VNU had announced in October it was looking for “strategic alternatives” for BME including a possible sale. “The company is considering alternatives for BME because the group’s activities are not well aligned with VNU’s marketing information and media measurement business,” a company statement said at the time. That caught many by surprise because it had been reported that the VNU sale contract required the buyers not to make major changes to VNU’s business for 18 months from the time of the sale.
The translation of all that is that the Nielsen measurement business is the real cash cow, and all the rest is secondary, including US publications like the Hollywood Reporter and Billboard. VNU has not announced it is looking to sell its US publications.
How serious are private equity firms in achieving their goals? At the time Calhoun was lured from General Electric it was said it was with a package worth $100 million if he meets certain corporate goals. He no doubt is willing to do whatever it takes to earn that kind of money.
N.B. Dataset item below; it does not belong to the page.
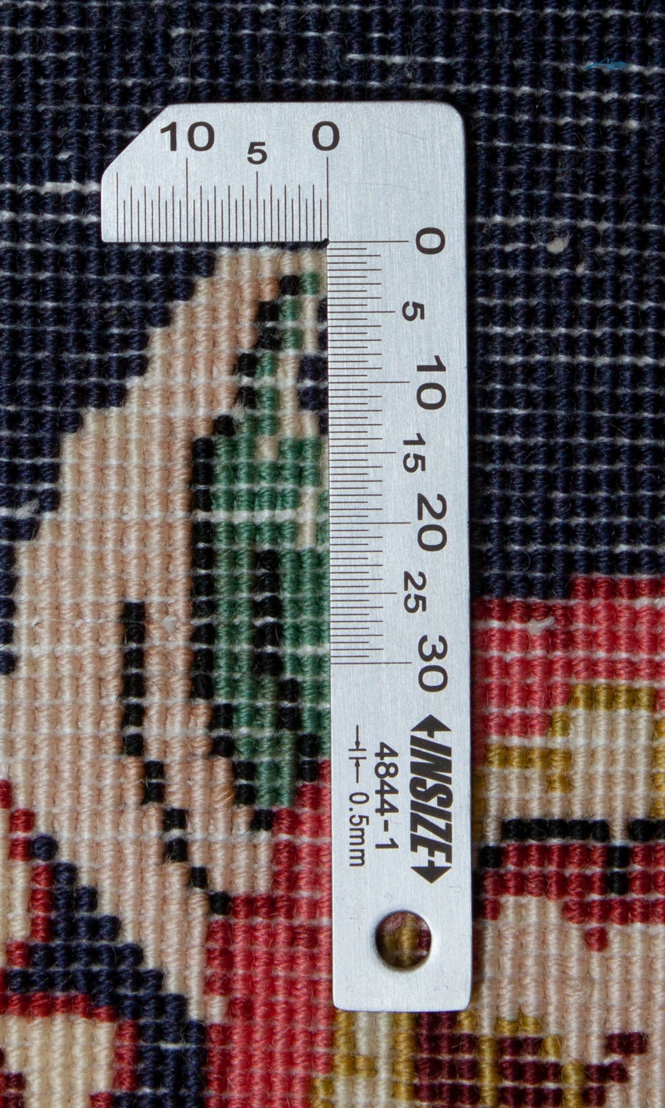 Le fond de cette Sarough est bleu foncé. Le bord est fait dans les couleurs vert clair et beige. Dans le centre rose les couleurs vert clair et beige sont combinés.

According to Thomson Financial, private equity firms like KKR and Blackstone have accounted for some $370 billion of the $1.4 trillion in US merger deals this year. That’s a lot of money being invested by people looking to make a lot of profit. And that usually translates into getting rid of those parts of a bought business, or people in those businesses, that don’t help meet tough financial targets. Bob Filek, a partner at PricewaterhouseCoopers, noted in a recent report that media was among those sectors that can expect the most activity in private equity deals next year.
For instance, in the US Intermedia Partners LP is buying 17 outdoor magazine titles from Primedia for $170 million and Readers Digest announced in November its sale to Ripplewood Holdings for $1.8 billion. But the real biggie was announced just last week in Europe when KKR, one the VNU owners, agreed with Permira Advisers to buy German TV broadcaster ProSieben Media for some €5.9 billion ($7.8 billion), planning to combine it with SBS Broadcasting that it already owns.
The feeling in Germany is that TV advertising is expected to improve by 2008 and that is KKR’s and Permira’s target for shaking out all unnecessary costs in the combined company and putting it on the market by then for sale at a big fat profit.
All of which is why, when one looks at the possible Tribune sale which could come up in Q1, 2007, take a look where the money is coming from. Private equity investment is great for the seller, but for those who get sold it is just the beginning of worrying about one’s future.
Who in America really knows what VNU is? But mention Nielsen television ratings and other assorted ratings businesses and the company is far better recognized. And since the bulk of its business is in the US then what’s the point of using the initials of what was just a Dutch company? With that in mind the only real surprise is that it took the company’s new owners this long to rename the company to Nielsen Company.
The private equity groups, including Carlyle Group and Kohlberg Kravis Roberts & Co., that bought The Dutch company last August has been busy restructuring ever since, including placing all of its senior executives in New York although it still maintains offices in The Netherlands. It has cut around 4,000 jobs – it still has 42,000 employees -- and has agreed to sell its European business magazine division.
The company also publishes Billboard Magazine, Adweek, and The Hollywood Reporter but has said it does not intend to sell those titles, but will seek ways to bind them into the new company identity.